§ **Information given**:

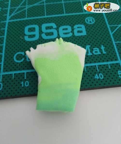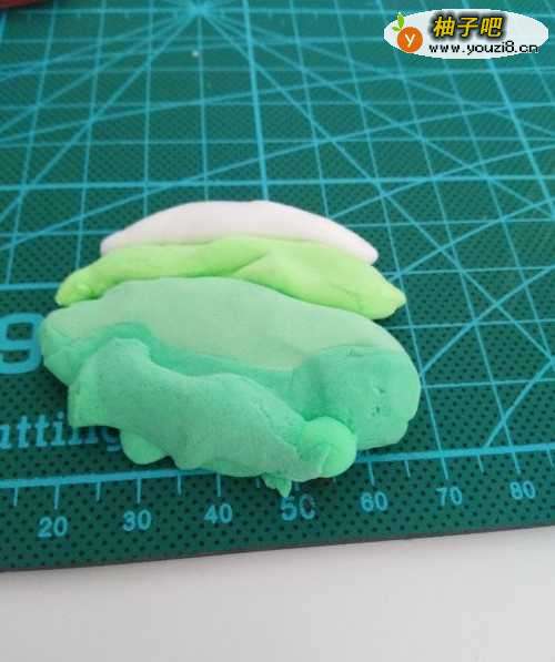 取从深到浅的不同颜色的绿色粘土,以及白色粘土,按图中的顺序排列,然后反复的折叠、按压,多次后做出如图所示的渐变色的泥土硬片
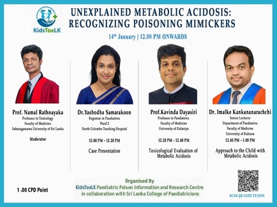 وبینار علمی بین‌المللی با عنوان «Unexplained Metabolic Acidosis: Recognizing Poisoning Mimickers» روز سه‌شنبه ۱۴ ژانویه ۲۰۲۶ از ساعت ۱۲:۰۰ ظهر به‌صورت آنلاین برگزار خواهد شد. این برنامه علمی به همت مرکز اطلاعات و تحقیقات مسمومیت‌های کودکان KidsToxLK و با همکاری کالج متخصصان کودکان سریلانکا (Sri Lanka College of Paediatricians) سازمان‌دهی شده است.
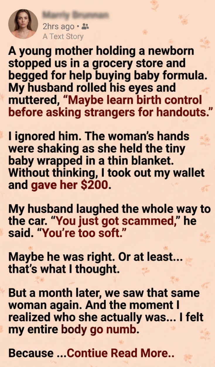 She explained that a month ago had been the worst day of her life. Her husband had suddenly passed away, and she had been left alone with a newborn and no nearby family. Her bank account had been temporarily frozen due to paperwork issues after his death, and she couldn’t access her money.
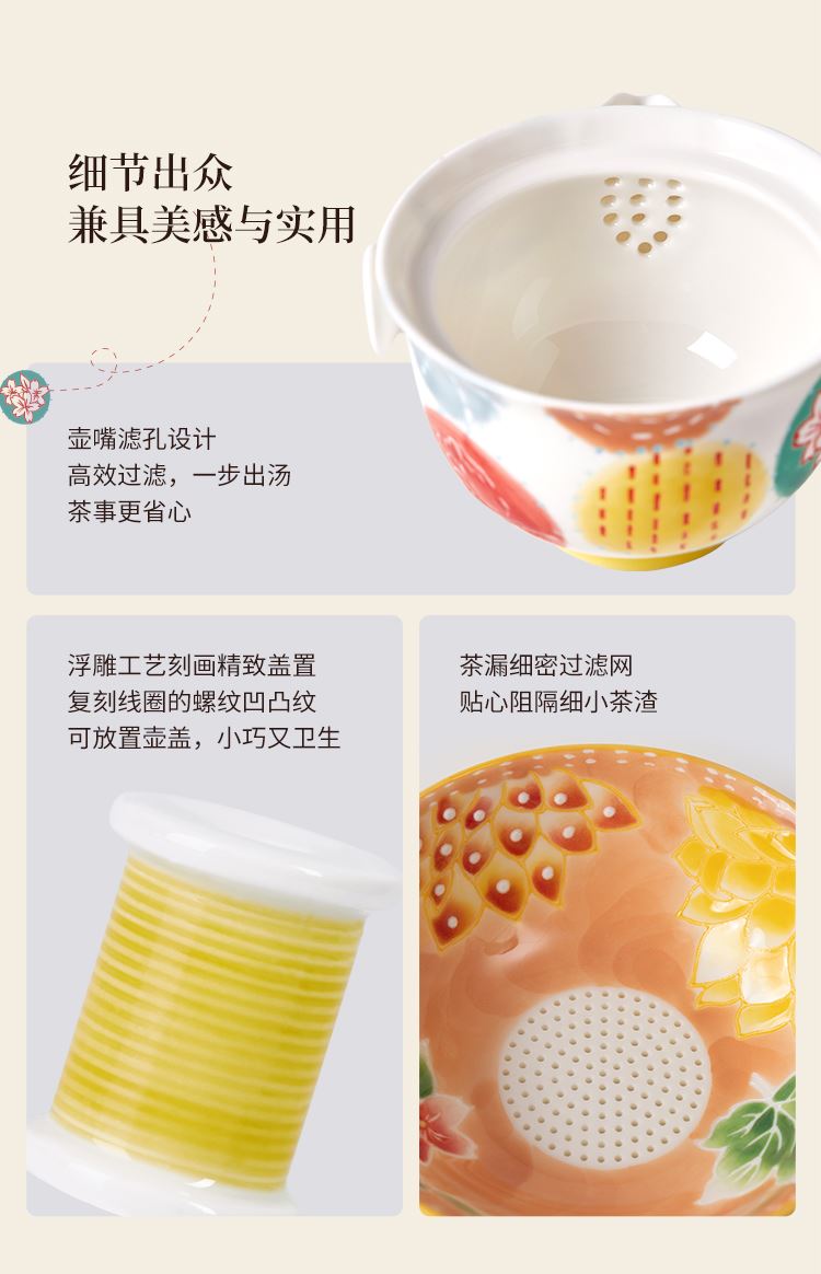 3.器型豐富多樣,一套還原傳統(tǒng)飲茶方式。除茶壺和茶杯外,搭配公道杯、蓋置、
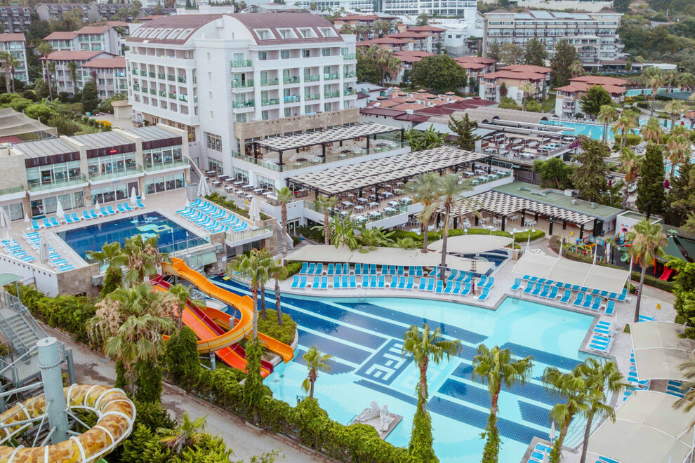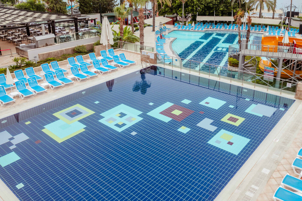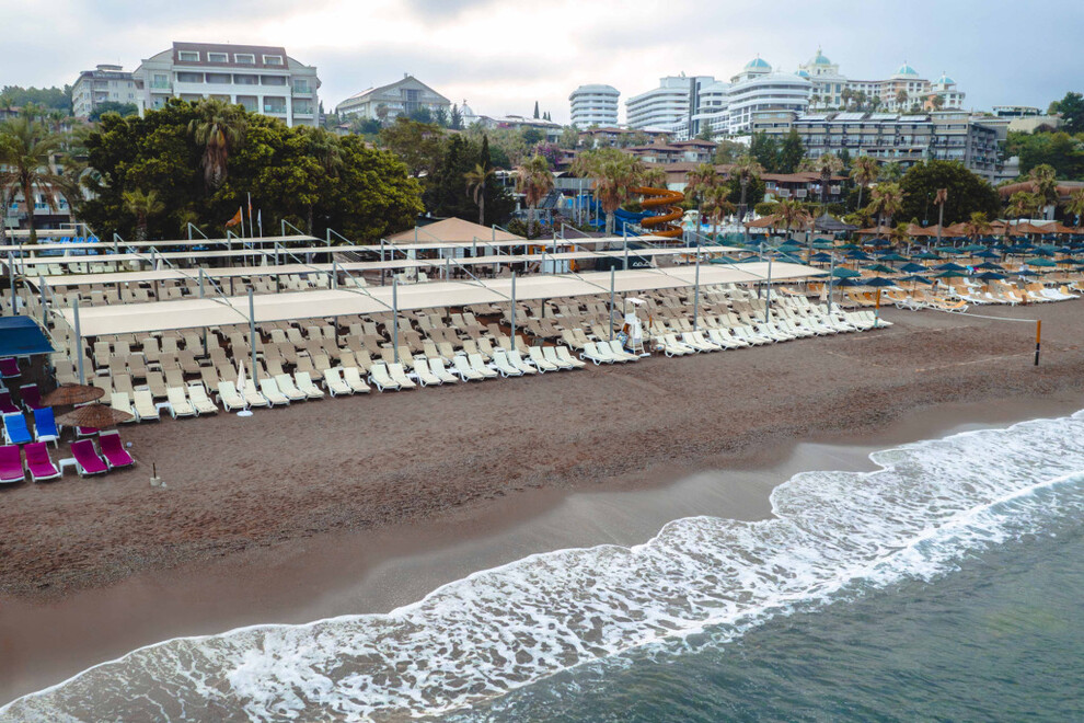Хотелът разполага със собствен пясъчен плаж. На разположение на гостите са 2 открити басейна, един закрит, две водни пързалки. Чадъри, шезлонги, плажни кърпи и матраци на плажа и при басейна се ползват безплатно.
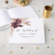 This boho pampas grass monogram back wedding guest book is perfect for a summer wedding. The floral watercolor design features bohemian burgundy and blush pink flowers with sprigs of neutral pampas grass and golden dried palm leaves. Personalise the front cover with the names of the bride and groom and the wedding date.
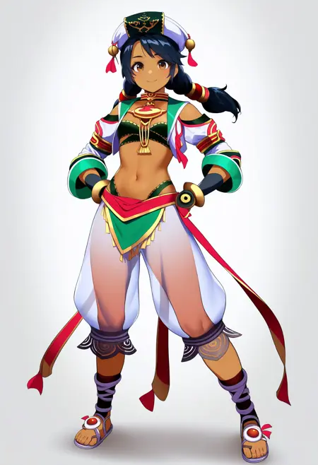 옷 프롬프트: hat, arabian clothes, gloves, sandals
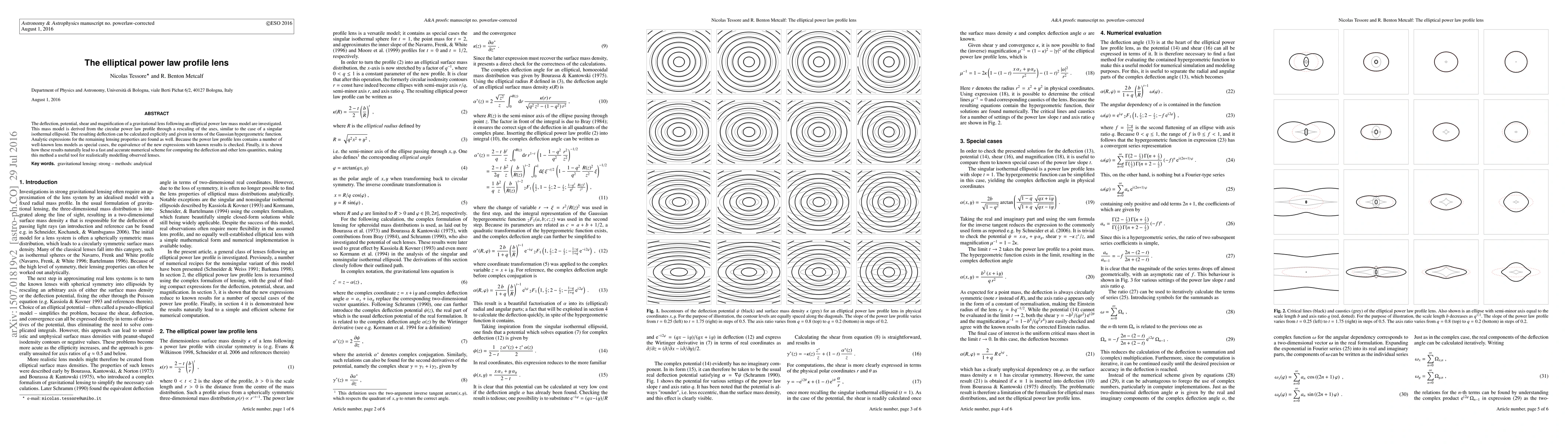The deflection, potential, shear and magnification of a gravitational lens following an elliptical power law mass model are investigated. This mass model is derived from the circular power law profile through a rescaling of the axes, similar to the case of a singular isothermal ellipsoid. The resulting deflection can be calculated explicitly and given in terms of the Gaussian hypergeometric function. Analytic expressions for the remaining lensing properties are found as well. Because the power law profile lens contains a number of well-known lens models as special cases, the equivalence of the new expressions with known results is checked. Finally, it is shown how these results naturally lead to a fast and accurate numerical scheme for computing the deflection and other lens quantities, making this method a useful tool for realistically modelling observed lenses.
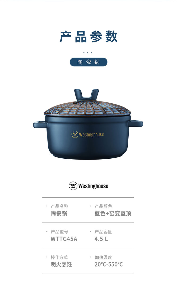 商品名称:(世星阳光)+WY西屋 陶瓷锅 4.5L WTTG45A 天然原料 高温煅烧 骤冷骤热 不易开裂
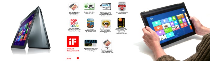 IdeaPad Yoga赢得了业界主流媒体的11项大奖,包括《个人电脑》, 《大众机械》,《笔记本》和《硬件指南》等,都盛赞其开创性的功能性、独特的设计和创新的工程结构。
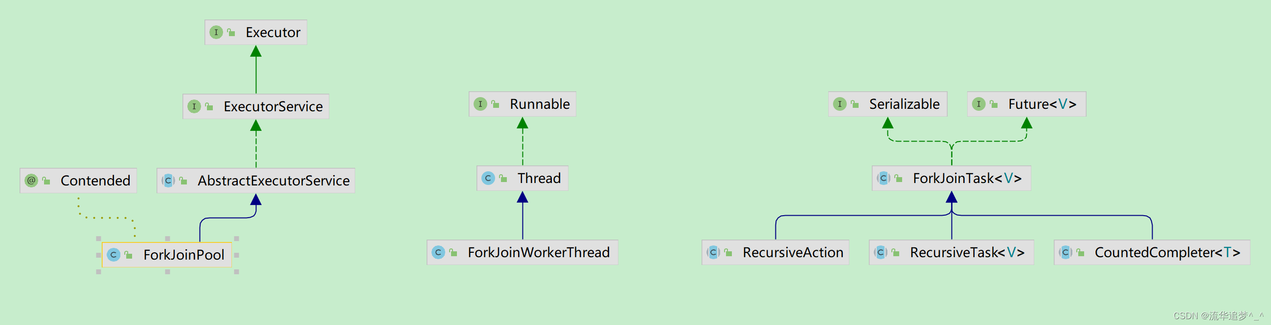 既然任务是被逐渐的细化的,那就需要把这些任务存在一个池子里面,这个池子就是ForkJoinPool,它与其它的 ExecutorService 区别主要在于它使用“工作窃取”。由类图可以看出,ForkJoinPool 类实现了线程池的 Executor接口。我们还可以使用 Executors.newWorkStealPool() 方法来创建 ForkJoinPool。
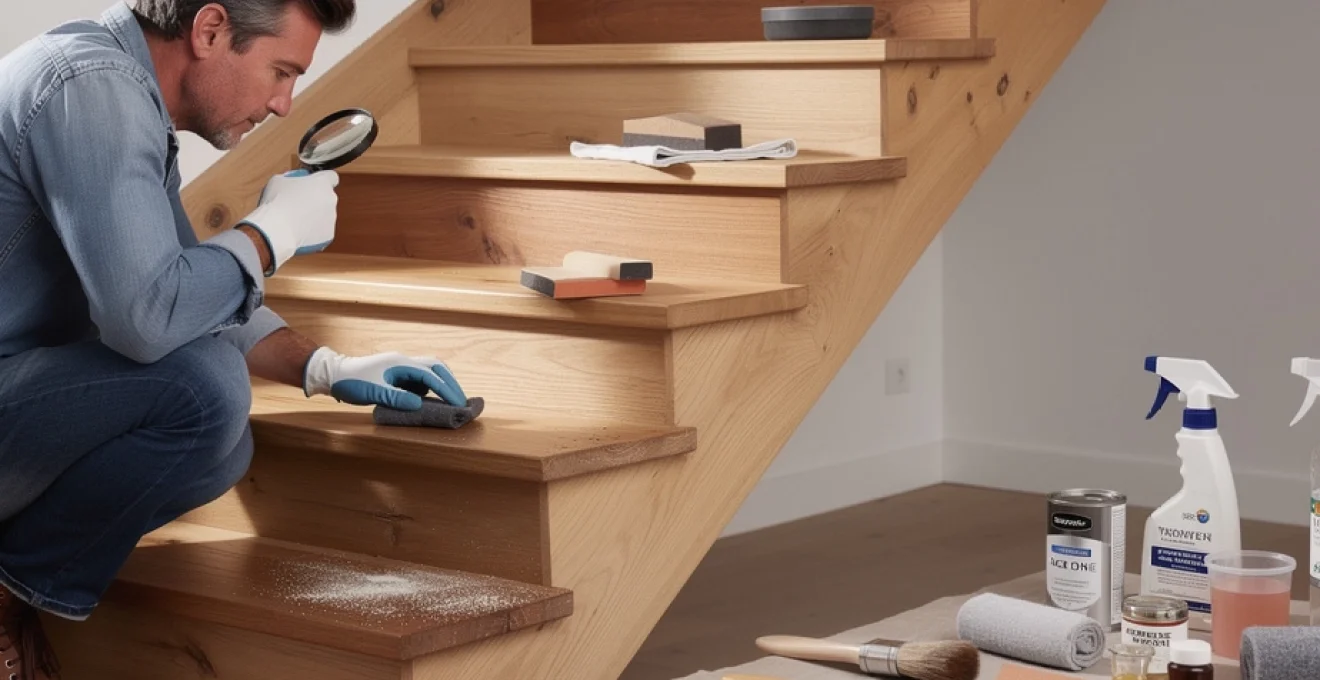 Traitement des escaliers huilés : dégraissage à l’acétone et préparation du support

§ **Brief**:
Leave out every picture, and copy exactly the lines above starting at the one holding "وبینار علمی بین‌المللی" and ending at the one holding "3.器型豐富多樣,一套還原傳", no more and no less.

§ **Solution to this task**:
 وبینار علمی بین‌المللی با عنوان «Unexplained Metabolic Acidosis: Recognizing Poisoning Mimickers» روز سه‌شنبه ۱۴ ژانویه ۲۰۲۶ از ساعت ۱۲:۰۰ ظهر به‌صورت آنلاین برگزار خواهد شد. این برنامه علمی به همت مرکز اطلاعات و تحقیقات مسمومیت‌های کودکان KidsToxLK و با همکاری کالج متخصصان کودکان سریلانکا (Sri Lanka College of Paediatricians) سازمان‌دهی شده است.
 She explained that a month ago had been the worst day of her life. Her husband had suddenly passed away, and she had been left alone with a newborn and no nearby family. Her bank account had been temporarily frozen due to paperwork issues after his death, and she couldn’t access her money.
 3.器型豐富多樣,一套還原傳統(tǒng)飲茶方式。除茶壺和茶杯外,搭配公道杯、蓋置、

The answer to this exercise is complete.